Event Driven Architecture

December 22, 2023

Overview

Event-driven architecture describes systems at the scope of a cluster of microservices. Services within an event-driven architecture are typically either producers or consumers and there is typically a message broker between them to store these messages so that consumers can scale reactively without risk of losing messages.

Event-driven systems typically excel at reliability and scalability at the expense of some latency. In fact, all distributed systems suffer from increased latency at the expense of modularity. This is due to the fact that communication between machines in the same data-center (and even in the same machine, but different virtual machines) typically incurs a latency cost on the order of milliseconds.

There exists tremendous subtlety between:

Asynchronous event-driven producers that do not use message brokers
Synchronous event-driven producers that do not use message brokers
Synchronous request/response clients

There are trade-offs and exceptions to the generalizations of event-driven architecture mentioned above that exist in these rare manifestations. This post will clarify these subtle distinctions.

Asynchronous

Event-driven systems are primarily asynchronous where messages are sent in a non-blocking manner without a response that is used for further processing.

Pub/Sub with Message Broker

In larger systems, this asynchronous communication is usually complimented by a message broker that sits between producers and consumers. Message brokers provide durability, reliability, and decoupling.

Durability: Messages can be stored on the message broker indefinitely (usually ~14 days) as they typically use persistent storage to store messages (rather than memory).
Reliability: Entire scaling groups of consumers can be lost for the duration of message storage in the broker without losing a single message. Reliability is a product of durability.
Decoupling: Producers don't need to know about consumers, their location or capacity.

Use Cases

The use cases for message brokers like Apache Kafka or Amazon SQS are very broad. Any system that requires the ability to scale to high throughput reactively while guaranteeing message delivery can benefit from adopting these technologies. Learn more at Throughput vs Latency. This is especially true if they can afford slightly higher latency. How much higher depends entirely on the architecture of the system as a whole. Benchmarks do exist which often point to Kafka's ability to keep latencies low despite high throughput (such as this blog post Benchmarking Apache Pulsar, Kafka, and RabbitMQ). However, these benchmarks are highly synthetic and real-world performance can only match those figures in a system that is architected with the same level of simplicity. This may hold true at the very start of a project, but as a system expands to hundreds of microservices and each hop between event-driven services passes through this message broker, it adds to the overall latency of a single request's journey through the system.

Pub/Sub without Message Broker

In smaller systems, implementing Pub/Sub without a message broker can be challenging, but could be the right choice.
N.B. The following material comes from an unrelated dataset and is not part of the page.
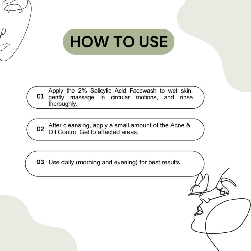 - Step 1 – Cleanse: Apply the 2% Salicylic Acid Facewash to wet skin, gently massage in circular motions, and rinse thoroughly.

The increased difficulty comes from the fact that producers cannot produce messages indiscriminately -- they must be aware of the capacity of the consumers. They must also be aware of their location. This may appear simple on the surface, but it adds overhead to maintain this list and update it as consumer groups are added and removed. This overhead would be even greater unless consumer groups have load balancers to maintain individual consumers in those groups (and their inherent failures over time).

Asynchronous event-driven producers that do not utilize message brokers do not wait for a response before considering that task complete and moving on to the next. This means that they do not guarantee at-least-once delivery. Categorizing its behavior as asynchronous event-driven without a message broker does not depend on the producer's use of an asynchronous library. It depends on the producer considering that task as complete immediately after sending the message to the consumer(s), rather than waiting for a response or confirmation of receipt. This mechanism is becoming less common over time as hardware becomes cheaper and smaller, making use of message brokers an easier choice.

This architecture is often backed by UDP.

Use Cases

The use case for this uncommon setup is in smaller systems where resources are scarce. Embedded systems and IoT devices fall under this category. For example, imagine a network of N sensors in a home that produce telemetry to M base devices. The overhead required to store messages persistently in a message broker could make the base devices prohibitively expensive, or require a physical increase in size that would lower its marketability.

Another use case is in scenarios where latency is a greater concern. Removing the overhead of a message broker would reduce latency. However, it's important to remember that a greater importance on low latency requires more co-location between any node that is a member of the network. At the extreme of this spectrum is avoiding distributed systems altogether and co-locating any machine that requires external communication with its counterpart as is common in High-Frequency Trading.

Synchronous

Synchronous communication in event-driven services is rare. It is very similar to synchronous request/response architecture, with an important distinction: In synchronous event-driven mechanisms, producers send a request, wait for a response, but don't continue with any further processing. The task is complete once a response is received.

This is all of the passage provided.